K* and I have kept up communication and she has even deigned to call me a friend. This is not a title I accept lightly and am honored that she considers me such. 

****

You can of course imagine the depths of my gratitude for the discoveries I’ve made and with such relative ease. I could feel Peachie guiding me through the process and am unsure how to express my thanks except to say “thank you”. However, when you’ve been given much, it’s only natural to explore how much more you might be able to get.  

“Okay, God. If I could just find Peachie’s mother and father…THEN I would be satisfied.”

Y’all…

When I have more information about them, I will tell you about Mary and Nelson Dunn. (((SCREAMS INFINITELY)))

*****

I don’t know if my life as I’m living it represents my ancestors’ wildest dreams, but I hope that it is one that they are proud of, that my accomplishments are worthy of their numerous sacrifices, and that long after I’ve left this earth my descendants will find me as fascinating and complicated and worthy of inquiry as I have found them.   

This article has 2 comments

  1. Kathy Howard

    Tears.
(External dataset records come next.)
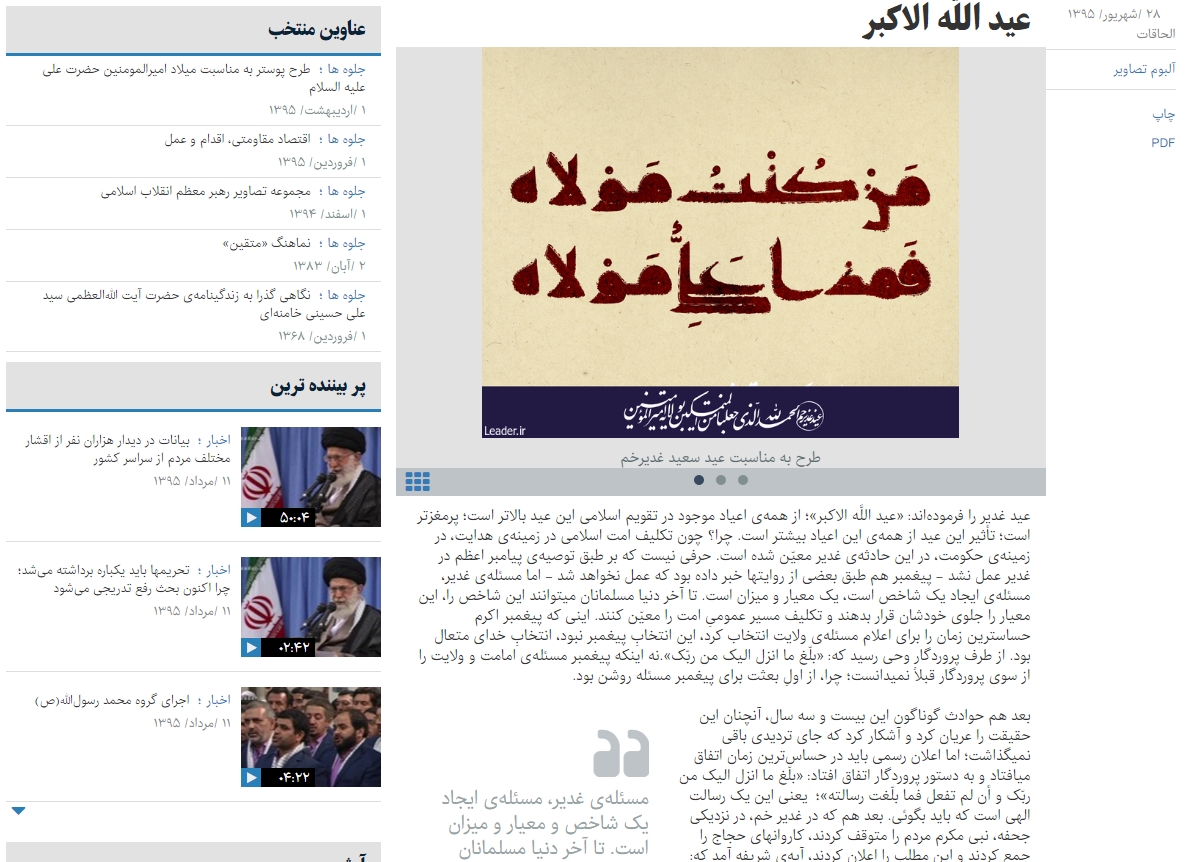 Hamaney'in resmi sayfasında "Kadir-i Hum İslam dininin en büyük bayramıdır" yazısı;
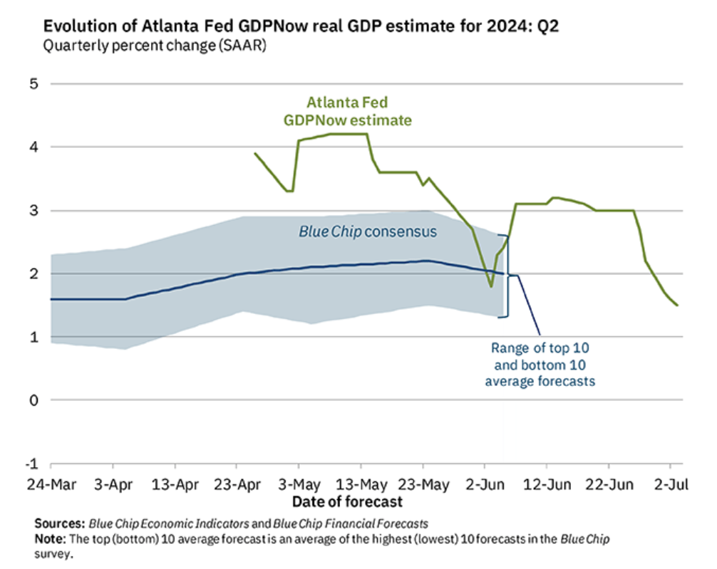 The rising likelihood of a September cut is why I believe that July’s meeting is increasingly consequential.  There is growing evidence that the pace of economic growth is slowing.  Just as disinflation tells us that prices are rising, just more slowly, we saw a similar effect today in the jobs market.  We also see this reflected in GDP estimates.  As of Wednesday’s update, the Atlanta Fed’s GDPNow estimate is for a second quarter increase of 1.5%.  Indeed, that reflects a growing economy, but at a slower pace, as the graph below shows:
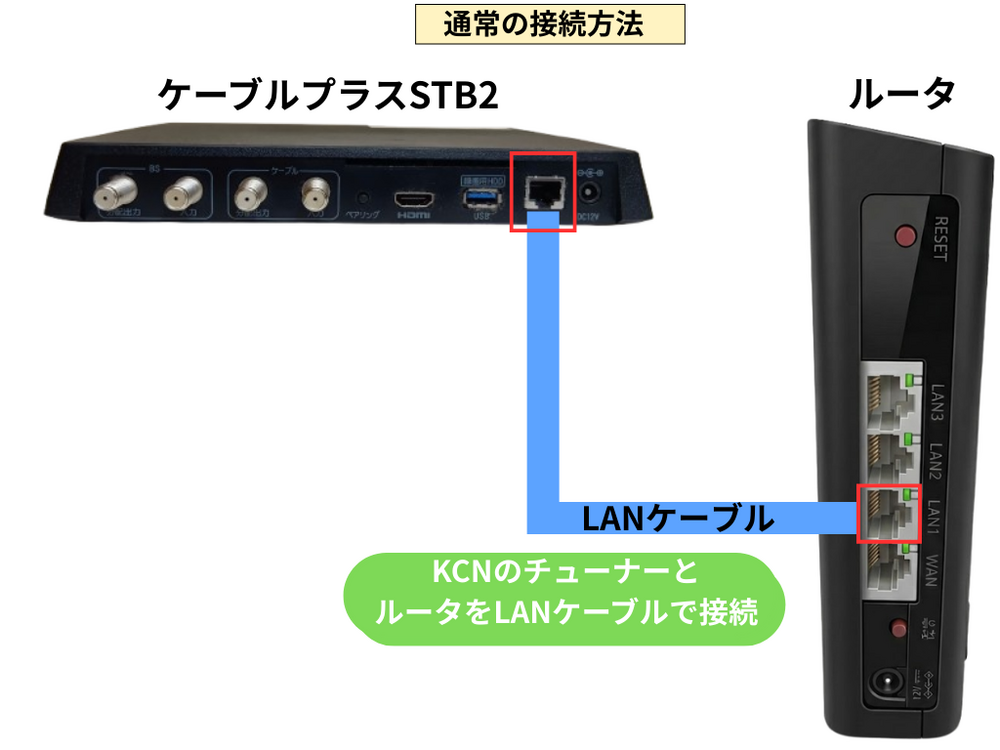 STBとルーターをLANケーブルで接続する。
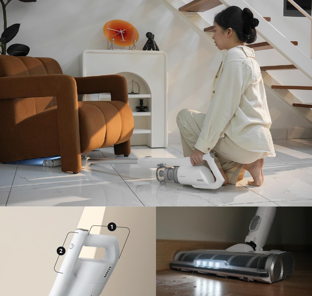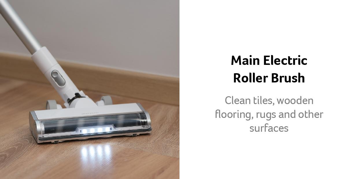 glide across surfaces or change directions. With 4 built-in LED lights on the main brush that illuminate your path,
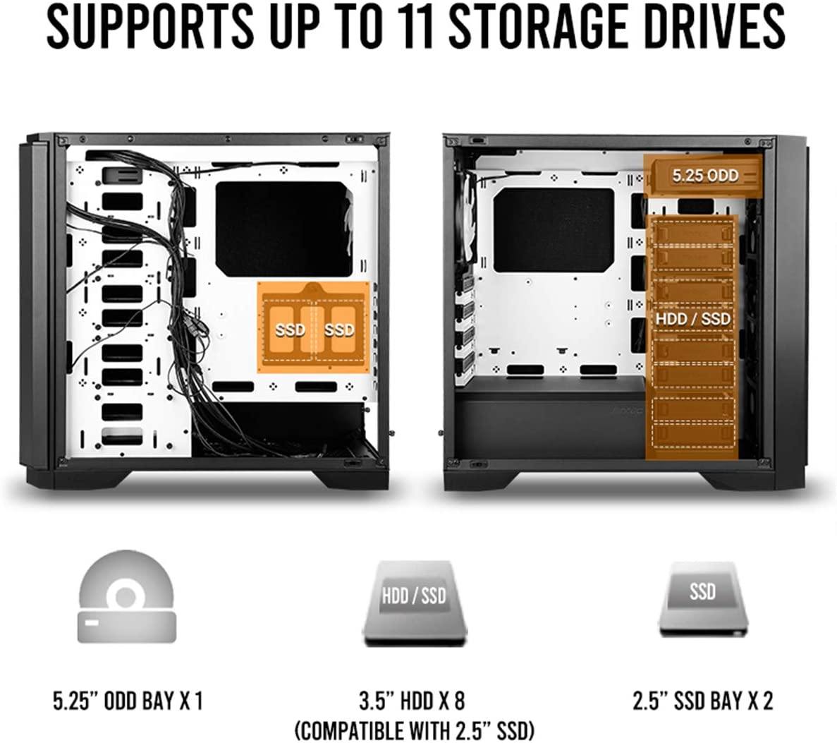 - Supports 11 drive bays with 5.25” ODD bay x 1, 3.5” HDD/2.5” SSD x 8 and dedicated 2.5” SSD x 2.
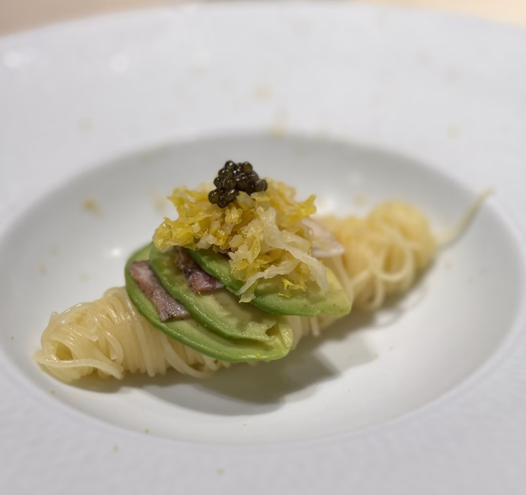 細麵搭配切片酪梨、培根、醬菜與魚子醬,整體吃起來意外清爽。通常講到豬肉套餐,大家會直接聯想到油脂、厚重、鹹香,但這道反而是把豬肉比較輕盈、比較現代的一面做出來。酪梨的柔滑、魚子醬的鹹鮮、培根的存在感,讓整道冷麵不只是解膩,而是本身就很成立。
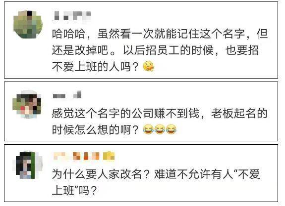 网友们也对此持有各自的观点,“虽然看一次就能记住这个名字,但还是改掉吧。以后招员工的时候,也要招不爱上班的人吗?”“感觉这个名字的公司赚不到钱”“为什么要人家改名?难道不允许有人‘不爱上班’吗?”,也有网友为企业主“支招”:“不字后面加一个小小的逗号。”

Gratitude. Thankfulness. It was my privilege to meet you and walk your journey with you. I will look into the two “new” names to see what I can discover. K*

    • Malaka

      K*!!!! I’m so, so, SO glad to see you here. It was MY privilege as well. I cannot express how glad I am that you’re in my life now. I have no idea when we’ll meet again, but you will always be a beam of light in my soul’s mind. Bless you, my friend.